The first step in defining risk is to identify a potential hazard or dangerous situation and describe the mechanisms by which the hazard can cause harm to people, property, and the environment. Risk is then analyzed for each hazard or hazard scenario. In terms that can be analyzed, risk is defined as the product of (a) severity of impact and (b) the likelihood of impact from an adverse event. The severity of impact, often called consequences, can be expressed in human terms such as fatalities or injuries or some other metric such as dollars lost. The likelihood of occurrence of an adverse event can be estimated with a variety of methods, ranging from prior experience with the frequency of occurrence, perhaps using statistical data of similar events, to computations based on mathematical models. Likelihood can also be determined by examining the probability of the adverse event occurring in a Bayesian sense, a prior perception of probability.
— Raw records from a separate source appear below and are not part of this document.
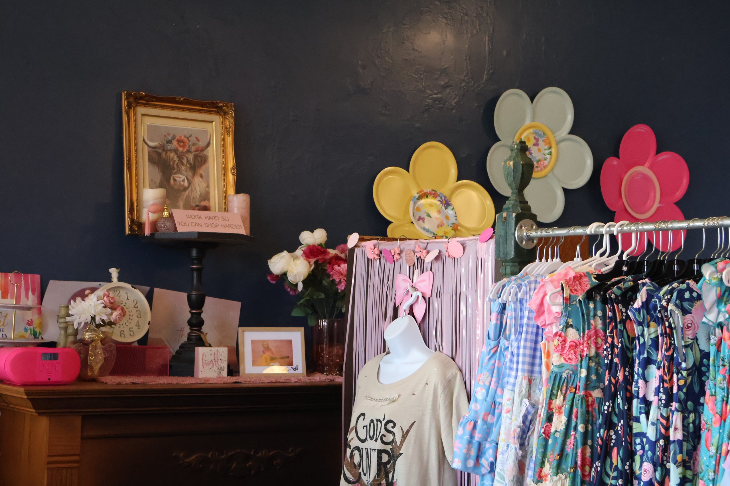 Boutique Offerings – The Painted Cowgirl offers a variety of clothing and accessories for ladies and children, with sizes ranging from small to 3X.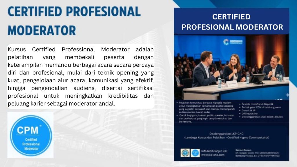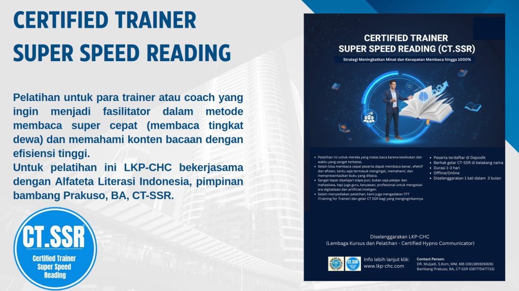 LKP CHC juga menghadirkan layanan kursus profesional di bidang hypnotherapy, komunikasi pengaruh, public speaking, dan pengembangan diri. Melalui pendekatan praktis dan berbasis sertifikasi, kami membimbing peserta dari berbagai latar belakang—mulai dari pelajar, mahasiswa, karyawan hingga praktisi—untuk menguasai keterampilan yang relevan, aplikatif, dan berdampak langsung dalam kehidupan pribadi maupun karier.
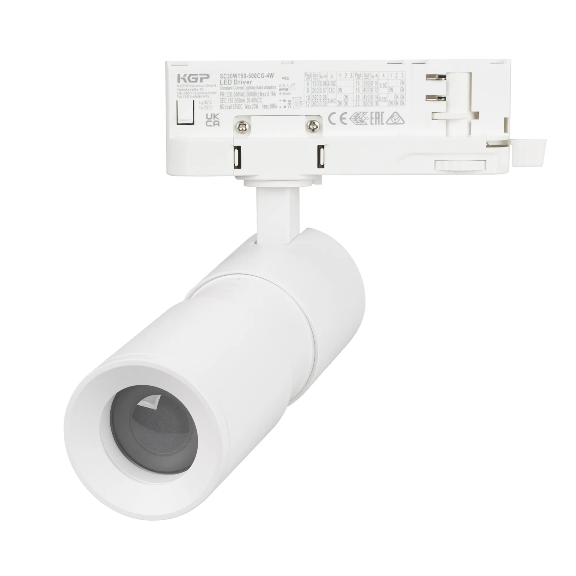 Светильник для треков/шин 4 провода с управлением DALI. Мощность 12Вт. Цвет свечения ТЁПЛЫЙ 3000K, световой поток 721 лм, 65 лм/Вт, регулируемый угол 8-80°, CRI>90. Корпус круглый, алюминий, цвет белый, IP20. Размеры L × W × H (Ø) 192 х 144 х Ø55 мм. Входное напряжение AC220-240V, Монтаж на трек 3-фазный. Драйвер 10-42В (300-800 мА), 50/60Гц, максимальная мощность 42W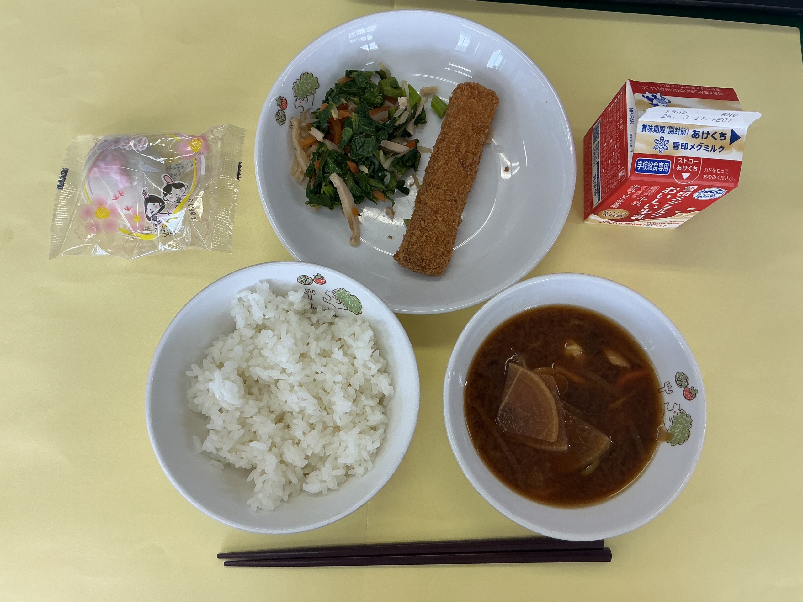 A:ごはん、牛乳、スティックメンチカツ、菜の花あえ、さつま汁、いがまんじゅう

The example of automobile travel can clarify the concepts. The consequences of an automobile crash can be damage to the car and injury or death to the driver or passengers. More than 40,000 Americans are killed in automobile crashes each year, and several hundred thousand more are injured. Fender benders and other minor crashes are even more frequent. From these data, the risk for large automobiles or small, local streets or Interstate highways, fender bender or serious crashes can be quantified. If a person never rides in an automobile, the risk of death, injury, or damage to one’s personal property is zero, except as a nonmotorist (e.g., pedestrian, bicyclist). By similar reasoning, a person who makes a living traveling in automobiles is more likely to experience harm than a person who rides occasionally, even given the differences in driving skill. The difference in the likelihood of experiencing harm is a concept known as exposure. The greater the exposure, the higher the risk.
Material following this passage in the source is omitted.